197

What's the correct way to handle errors with streams? I already know there's an 'error' event you can listen on, but I want to know some more details about arbitrarily complicated situations.

For starters, what do you do when you want to do a simple pipe chain:

input.pipe(transformA).pipe(transformB).pipe(transformC)...

And how do you properly create one of those transforms so that errors are handled correctly?

More related questions:

  • when an error happens, what happens to the 'end' event? Does it never get fired? Does it sometimes get fired? Does it depend on the transform/stream? What are the standards here?
  • are there any mechanisms for propogating errors through the pipes?
  • do domains solve this problem effectively? Examples would be nice.
  • do errors that come out of 'error' events have stack traces? Sometimes? Never? is there a way to get one from them?
B T
  • 57,525
  • 34
  • 189
  • 207

9 Answers9

262

transform

Transform streams are both readable and writeable, and thus are really good 'middle' streams. For this reason, they are sometimes referred to as through streams. They are similar to a duplex stream in this way, except they provide a nice interface to manipulate the data rather than just sending it through. The purpose of a transform stream is to manipulate the data as it is piped through the stream. You may want to do some async calls, for example, or derive a couple of fields, remap some things, etc.


Where you might put a transform stream


For how to create a transform stream see here and here. All you have to do is :

  1. include the stream module
  2. instantiate ( or inherit from) the Transform class
  3. implement a _transform method which takes a (chunk, encoding, callback).

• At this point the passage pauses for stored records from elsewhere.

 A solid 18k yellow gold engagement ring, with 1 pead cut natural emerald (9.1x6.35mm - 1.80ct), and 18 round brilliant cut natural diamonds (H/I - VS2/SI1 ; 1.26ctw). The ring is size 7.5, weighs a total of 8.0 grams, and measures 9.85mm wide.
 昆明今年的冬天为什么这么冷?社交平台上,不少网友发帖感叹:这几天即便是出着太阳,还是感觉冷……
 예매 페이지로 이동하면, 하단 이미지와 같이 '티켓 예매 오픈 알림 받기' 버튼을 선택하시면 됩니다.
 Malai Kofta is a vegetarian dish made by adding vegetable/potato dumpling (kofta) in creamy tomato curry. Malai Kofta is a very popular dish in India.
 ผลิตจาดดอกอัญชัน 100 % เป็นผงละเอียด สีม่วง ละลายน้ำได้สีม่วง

The chunk is your data. Most of the time you won't need to worry about encoding if you are working in objectMode = true. The callback is called when you are done processing the chunk. This chunk is then pushed on to the next stream.

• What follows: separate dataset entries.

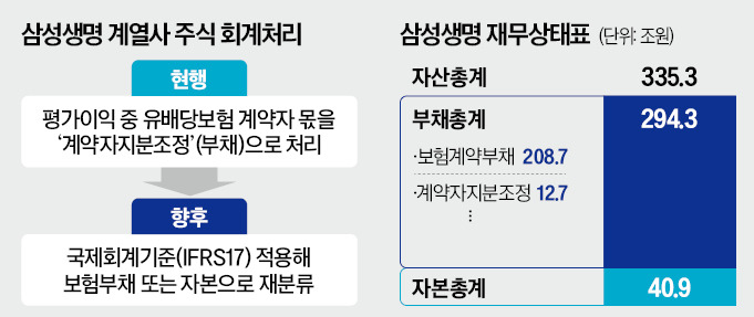 IFRS17을 적용하면 보험사는 계열사 주식 매각 계획을 세워 재무제표에 보험부채로 반영해야 한다. 생보업계는 2023년 IFRS17 도입을 앞두고 이 같은 회계처리가 재무제표 이용자의 오해를 유발할 수 있다고 주장했다. 금감원은 이를 받아들였고 2022년 말 회계기준서상 ‘일탈 조항’을 근거로 과거 방식(계약자지분조정)을 허용했다.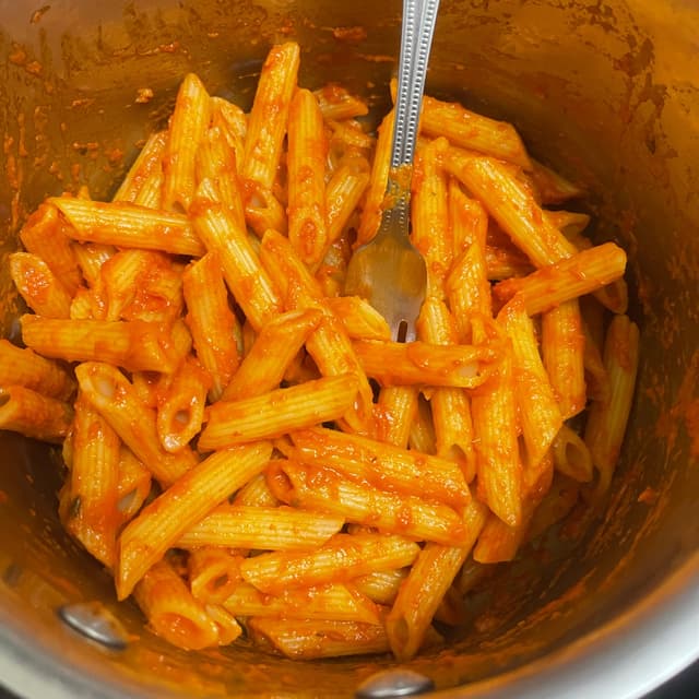 I stirred some sauce into my cooked pasta to absorb into the noodles a bit and then topped with more sauce when I plated. For me, it needed a little extra kick so I added some crushed red pepper. It was a good value at Costco and I would buy it there again.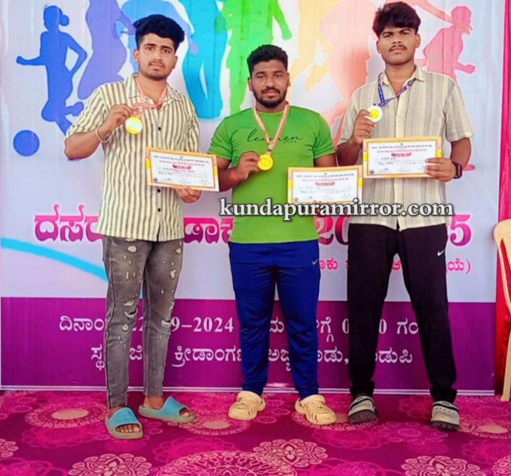 ಕುಂದಾಪುರ :ಉಡುಪಿ ಜಿಲ್ಲಾ ಯುವಜನ ಮತ್ತು ಕ್ರೀಡಾ ಇಲಾಖೆಯ ಆಶ್ರಯದಲ್ಲಿ ನಡೆದ ಜಿಲ್ಲಾ ಮಟ್ಟದ ದಸರಾ ಕುಸ್ತಿ ಕ್ರೀಡಾಕೂಟದಲ್ಲಿ ಶ್ರೀ ಶಾರದಾ ಕಾಲೇಜಿನ ವಿದ್ಯಾರ್ಥಿಗಳಾದ ಅವಿನಾಶ್ ತೃತೀಯ ಬಿ ಕಾಂ ಮಂಜುನಾಥ ತೃತೀಯ ಬಿ ಎ ಚಿನ್ನದ ಪದಕ, ಸಂತೋಷ ತೃತೀಯ ಬಿ ಎ ಕಂಚಿನ ಪದಕ ಪಡೆದು ಕಾಲೇಜಿಗೆ ಕೀರ್ತಿ ತಂದಿದ್ದಾರೆ.

If you want a nice helper module that will enable you to do through stream really really easily, I suggest through2.

For error handling, keep reading.

pipe

In a pipe chain, handling errors is indeed non-trivial. According to this thread .pipe() is not built to forward errors. So something like ...

var a = createStream();
a.pipe(b).pipe(c).on('error', function(e){handleError(e)});

... would only listen for errors on the stream c. If an error event was emitted on a, that would not be passed down and, in fact, would throw. To do this correctly:

var a = createStream();
a.on('error', function(e){handleError(e)})
.pipe(b)
.on('error', function(e){handleError(e)})
.pipe(c)
.on('error', function(e){handleError(e)});

Now, though the second way is more verbose, you can at least keep the context of where your errors happen. This is usually a good thing.

One library I find helpful though if you have a case where you only want to capture the errors at the destination and you don't care so much about where it happened is event-stream.

end

When an error event is fired, the end event will not be fired (explicitly). The emitting of an error event will end the stream.

domains

In my experience, domains work really well most of the time. If you have an unhandled error event (i.e. emitting an error on a stream without a listener), the server can crash. Now, as the above article points out, you can wrap the stream in a domain which should properly catch all errors.

var d = domain.create();
 d.on('error', handleAllErrors);
 d.run(function() {
     fs.createReadStream(tarball)
       .pipe(gzip.Gunzip())
       .pipe(tar.Extract({ path: targetPath }))
       .on('close', cb);
 });

The beauty of domains is that they will preserve the stack traces. Though event-stream does a good job of this as well.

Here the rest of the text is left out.